> **Assignment**:
If pictures appear in the lines below, skip them and copy exactly the lines from the one containing "Muzeul Național de" through the one containing "DISCLAIMER: Schedule and", and nothing else.

> **Data shown**:
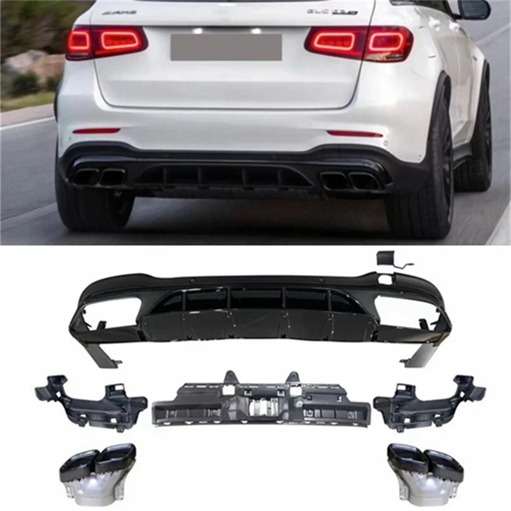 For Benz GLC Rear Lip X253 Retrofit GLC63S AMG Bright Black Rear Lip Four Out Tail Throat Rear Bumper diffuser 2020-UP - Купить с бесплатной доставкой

* * *

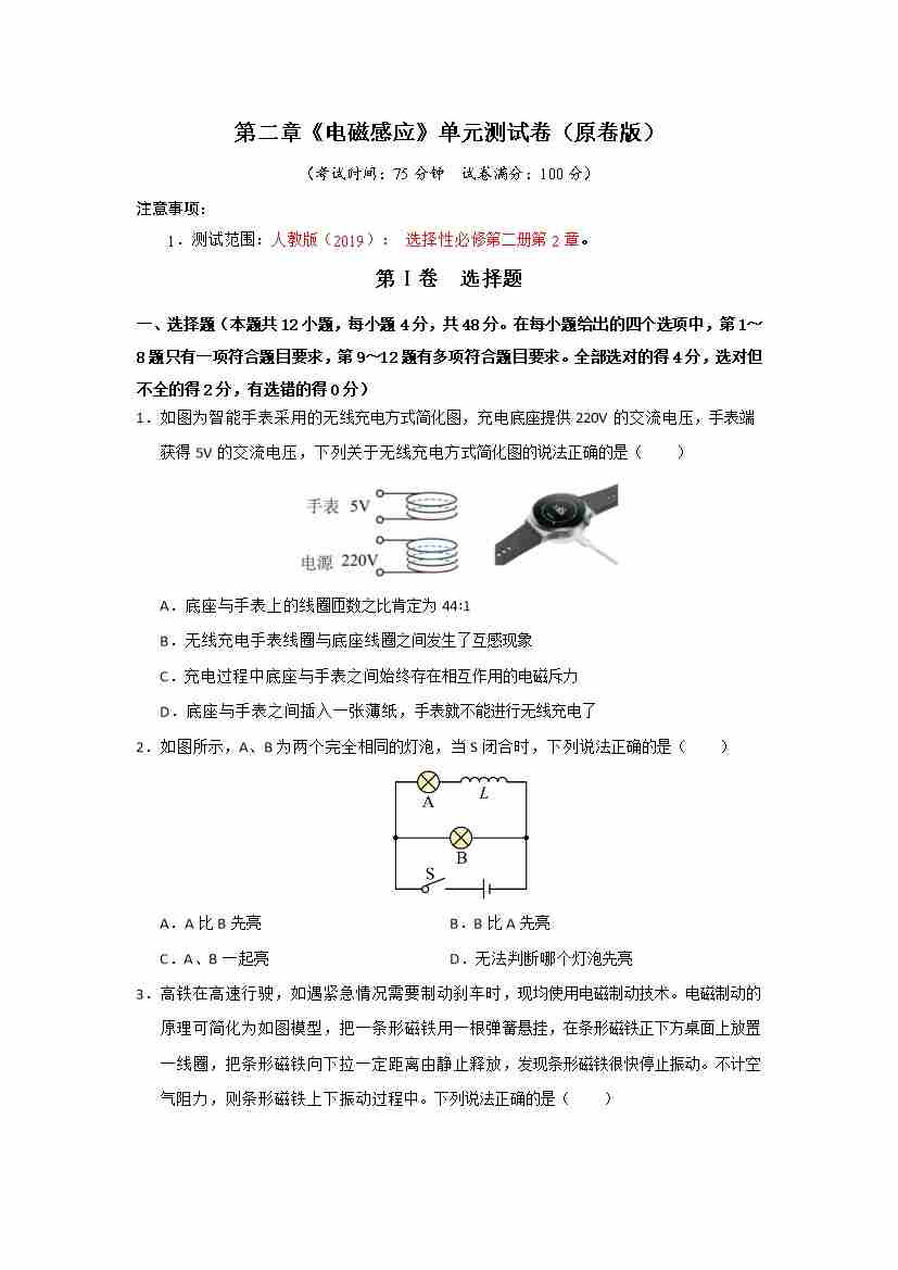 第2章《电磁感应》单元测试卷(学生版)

--

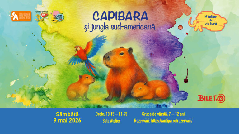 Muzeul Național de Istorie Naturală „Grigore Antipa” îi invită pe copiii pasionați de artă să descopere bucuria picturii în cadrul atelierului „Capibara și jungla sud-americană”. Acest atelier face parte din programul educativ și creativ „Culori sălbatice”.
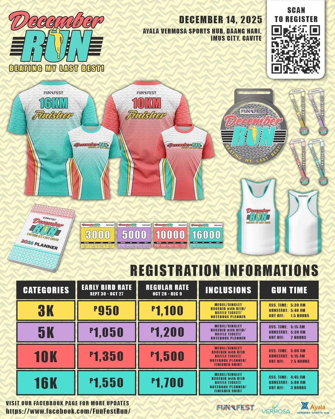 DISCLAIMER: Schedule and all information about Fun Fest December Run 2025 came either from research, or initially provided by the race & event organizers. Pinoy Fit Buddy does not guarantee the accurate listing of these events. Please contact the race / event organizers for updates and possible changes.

> **Solution below**:
 Muzeul Național de Istorie Naturală „Grigore Antipa” îi invită pe copiii pasionați de artă să descopere bucuria picturii în cadrul atelierului „Capibara și jungla sud-americană”. Acest atelier face parte din programul educativ și creativ „Culori sălbatice”.
 DISCLAIMER: Schedule and all information about Fun Fest December Run 2025 came either from research, or initially provided by the race & event organizers. Pinoy Fit Buddy does not guarantee the accurate listing of these events. Please contact the race / event organizers for updates and possible changes.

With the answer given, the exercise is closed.